Clue: "I think the 2nd Inuyasha movie had the best music..."

Wise Man says: "Take a dog off its leash and it will wander."

Re: Physics = Religion?
Link | by psoplayer on 2006-10-31 23:53:17 (edited 2006-11-06 18:05:05)
Virtual Dub to the rescue! Direct download through FileFront.




Re: Physics = Religion?
Link | by gendou on 2006-11-01 01:55:35
very nice psoplayer, thanks!


Re: Physics = Religion?
Link | by SuicidopoliS on 2006-11-01 04:32:50
"to many of those who study it, physics is like a religion in that it is a means to be spiritual."
I'm the living proof of that one :)

"In my opinion, it won't become "something like a religion" until we know everything about physics. A religion is set of rules to live by, and one can't make a full set of rules without fully knowing the subject."

I don't agree at all with this. First of all, we will NEVER EVER know EVERYTHING about nature/Physics ( in fact, we don't know anything about it, we merely attempt to describe it), and second, i also don't agree that "religion is a set of rules to live by". I believe that to be a ( very important, indeed ) side-product of many religions, but the first objective of any real major religion we know has been to explain certain phenomenae which exceeded our comprehension at the time they ( the religions, that is... ) were created. In the end, that's one of the main reasons Chatolicism didn't like science to grow so fast; because people were loosing faith in God as Science started to answer, in a much more accurate way, things that were adressed by religion first. You know, the famous "We just don't need God anymore." state of mind. As Gendou said:"In physics (unlike in religion), there is a constant measurable forward progression.". Some religions just kind of... grew old because they didn't progress. It's a pitty the Bible is such a timeless book, only nobody understood it, and the way it was/is preached just doesn't do the trick. I don't believe the Bible was ever meant to be taken literally, but hey, that's just my humble opinion, and i'm starting to get off topic...

Up until Einstein, Physics were pretty straightforward ( and i don't mean easy by that, but just... direct descriptions of things we could see and measure ). You could, if you tried hard enough, understand and picture everything. And then Einstein came along, and, maybe unwillingly, started out this whole revolution, which ended up with Quantum Physics, which are completely not-understandable. We can work with it, we can predict with it, but we just bloody freakin' hell can never get it. And i'd like to quote Feynman on this one:

"I think it is safe to say that no one understands quantum mechanics."

And also:

"What I am going to tell you about is what we teach our physics students in the third or fourth year of graduate school... It is my task to convince you not to turn away because you don't understand it. You see my physics students don't understand it. ... That is because I don't understand it. Nobody does."

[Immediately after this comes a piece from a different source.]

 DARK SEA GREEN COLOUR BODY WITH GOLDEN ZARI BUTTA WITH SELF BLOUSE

And yes, indeed, there are ways to picture 10 and more dimensions by working with curled dimensions and stuff... but the thing that always strike me with those representations is that, no matter how hard we try not to, we always end up refering to our 3D view... We just can not picture more then 3 ( geometrical ) dimensions at the same time. And this is the part where, as Quantum Physics and String Theory are, in a certain way, not completely understandable, no matter how hard we try, we kindda get back to the start of religion: explaining facts we can't explain...

> > > "Think of your ears as eyes..."< < <
.oO° Life's THE CURE, the rest are details! °Oo.

Re: Physics = Religion?
Link | by gendou on 2006-11-01 10:27:56 (edited 2006-11-01 10:32:06)
Thank you, Suicidopolis, for your entertaining reply! Did you watch the video psoplayer posted?

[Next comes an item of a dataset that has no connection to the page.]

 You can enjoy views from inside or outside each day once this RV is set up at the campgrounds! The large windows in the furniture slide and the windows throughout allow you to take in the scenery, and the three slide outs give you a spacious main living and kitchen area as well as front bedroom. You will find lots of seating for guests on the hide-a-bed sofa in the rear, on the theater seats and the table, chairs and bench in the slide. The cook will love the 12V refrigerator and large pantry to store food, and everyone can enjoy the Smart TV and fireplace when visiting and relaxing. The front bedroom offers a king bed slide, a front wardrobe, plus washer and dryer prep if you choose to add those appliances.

explaining facts we can't explain
What makes it hard to be a physicist is you have to stop thinking like a human. You have to think in such general terms that, the happenstance that you breath air and live on a giant water-covered spheroid, and that you see only a small sliver of the electromagnetic spectrum, all become irrelevant to the underlying laws of nature.

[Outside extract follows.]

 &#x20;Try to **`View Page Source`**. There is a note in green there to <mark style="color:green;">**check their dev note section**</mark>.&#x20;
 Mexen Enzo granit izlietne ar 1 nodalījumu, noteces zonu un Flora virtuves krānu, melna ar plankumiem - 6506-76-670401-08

Not everybody can do this. Take, for example, the amateur relativity enthusiast. If you have ever met one, you know what I mean by "enthusiast". They love the science-fiction like properties of General Relativity. They can't get enough of the stuff! So, at a party (can you tell this happened to me on a number of occasions?), they ask you to explain, say, time dilation. You do your best, without spilling your drink, to enact two reference frames moving at different velocities relative one another. You gloss over the math and hope he/she knows what you mean by "classical mechanics", and who Isaac Newton is. But, ultimately, we can't explain it all (like Clarissa) in such a short time. Humans have that problem.

I wish I was a robot.


Re: Physics = Religion?
Link | by D-ninja on 2006-11-01 18:56:51
While I've had the "pleasure" of having an "enthusiast" ask me something like that I have had to try and explain the dimensions up through 8 on many an occasion. Once you gat past 5 you start losing people. It's not unlike your cryptography challenge I'm sure everyone and their little brother could do the stuff in that if it was base 10, but once you start moving people out of what they are used to it becomes increasingly harder for them to fully grasp what it is that's going on.

Religions do "grow old," but they also "split young." This leads to more and more seperations of religions and discontinuity between all of them, much like a buffet line people only like to pick what they want and go back to their tables with their friends. Science on the other hand, is proven, and is more of ice cream parlor; it has many differnet flavors of essentially the same stuff and while you can choose what flavor you can get you're still getting about the same thing.

If I liked you before Gendou, I like you even more so now. You're the first person that I've ever met that admits to having heard of Clarissa explains it all.

Re: Physics = Religion?
Link | by SuicidopoliS on 2006-11-07 12:10:40
@Gendou: yes, i have seen the video, but honestly, it didn't quite do the trick for me... Even though i did like the video, i'm not particularly fond of the music ;) To me it sounds fun, but not quite... err... 'religious experience oriented'. I prefer Keith Jarrett when it comes to "music with that little extra"! Especially his Sun Bear Concerts...

@D-Ninja: "Science on the other hand, is proven, and is more of ice cream parlor; it has many differnet flavors of essentially the same stuff and while you can choose what flavor you can get you're still getting about the same thing."

Well, i must disagree with you! Are you pretending chemistry is basically the same thing as physics, which in return is basically the same thing as biology? Even though different elements of different sciences do pop up in other sciences, they are all fundamentaly different, for they study different topics! Or , if they do study the same subject, they study it in a different way.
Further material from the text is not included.